The most interesting aspect of this decision is the court’s categorisation of Covid-19 as a natural disaster.  By not limiting its categorisation to terms such as a “pandemic”, “infectious disease”, “epidemic” or “public health crisis”, Judge Cote has arguably made it easier for parties to rely on the force majeure provisions in their agreements, even where such agreements may not contain the “right buzz words”.  It remains to be seen whether the Second Circuit will affirm this decision and, if so, on what grounds.  The business community will closely monitor this appeal, as its outcome will have serious implications well beyond the facts of this case and the art trade.

Going forward, terms such as “pandemic”, “epidemic” and “infectious disease(s)” will likely appear as examples of a force majeure event in contracts and parties are likely to engage in negotiations over the wording of force majeure clauses. 

It is important to remember that in New York and in England, unlike in some Continental European countries, force majeure cannot be invoked unless the contract includes a force majeure clause, and whether a party can invoke force majeure to either terminate the contract or protect themselves against a claim of breach of contract depends strictly upon the wording of the clause.  Force majeure will not come to your rescue if the contract does not contain a force majeure clause or if the wording of the clause does not allow the courts to consider the pandemic as being within its scope.

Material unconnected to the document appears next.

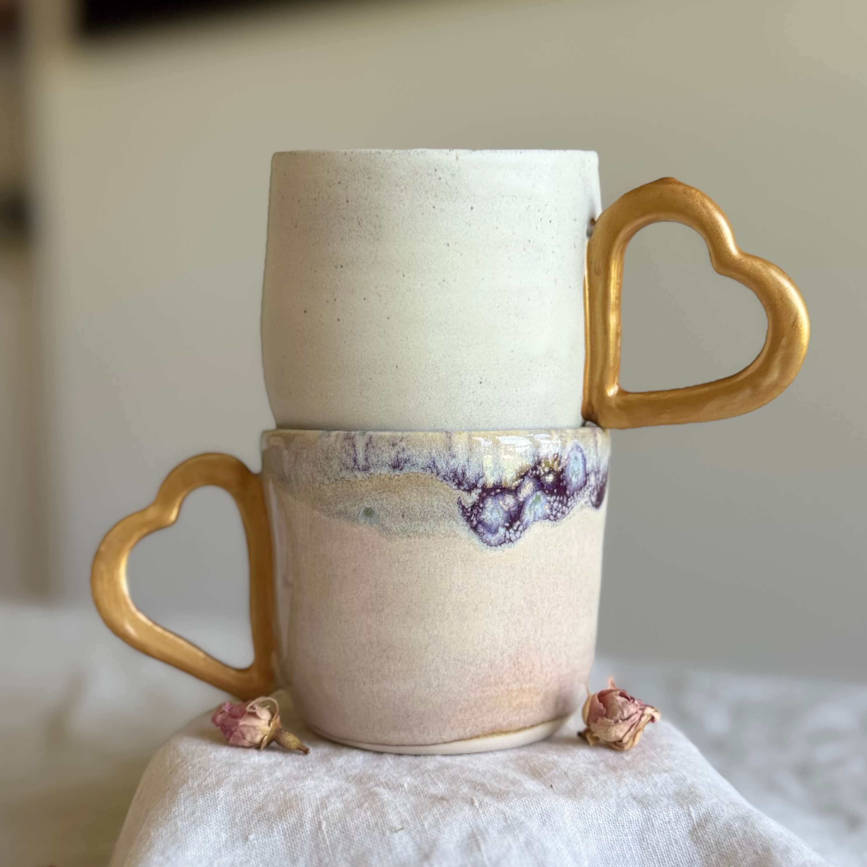 Wheel thrown in my Sunshine Coast studio, these Mi Amore – Seafoam Edition mugs are dipped in a soft seafoam glaze that glides gently over warm, creamy clay. Each one has the signature heart-shaped handle — a little touch of romance for your everyday rituals.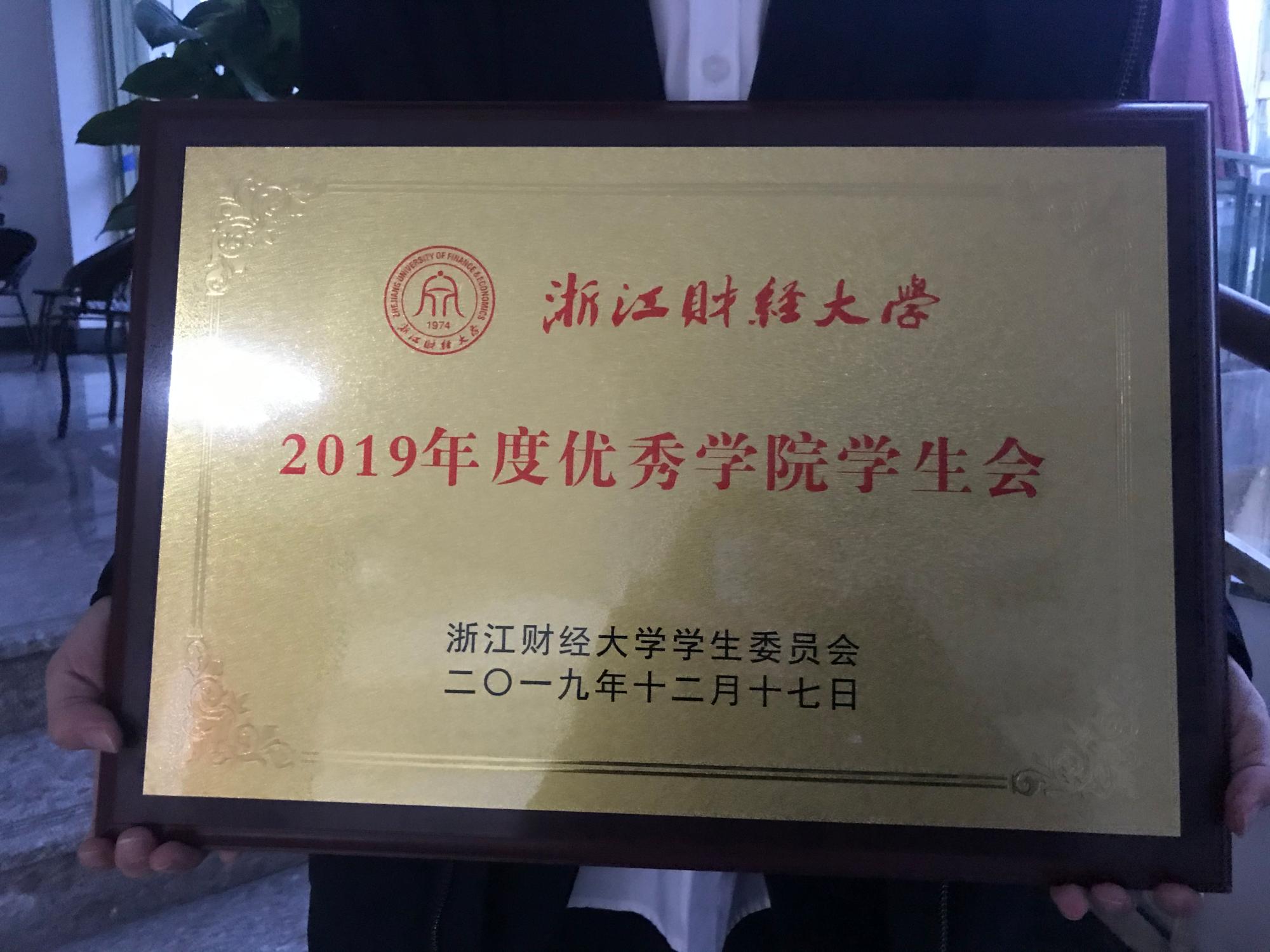 2019年度优秀学生会”,同时学院学生会主席秦静怡荣获优秀学生会主席称号。

An English court has yet to decide on the issue of Covid-19 and force majeure.  However, considering that the Covid-19 pandemic is the biggest global crisis since World War II and that New York and English law are similar when it comes to contract interpretation and force majeure, it is likely that an English court would find that the Covid-19 pandemic constitutes a force majeure event under many force majeure provisions drafted pre-pandemic.

By Azmina Jasani

[1] A force majeure clause is a provision in a contract that anticipates some supervening or extraordinary event outside the parties’ control, which would prevent them from performing, in whole or in part, obligations set out in the contract.  See our linked article for details.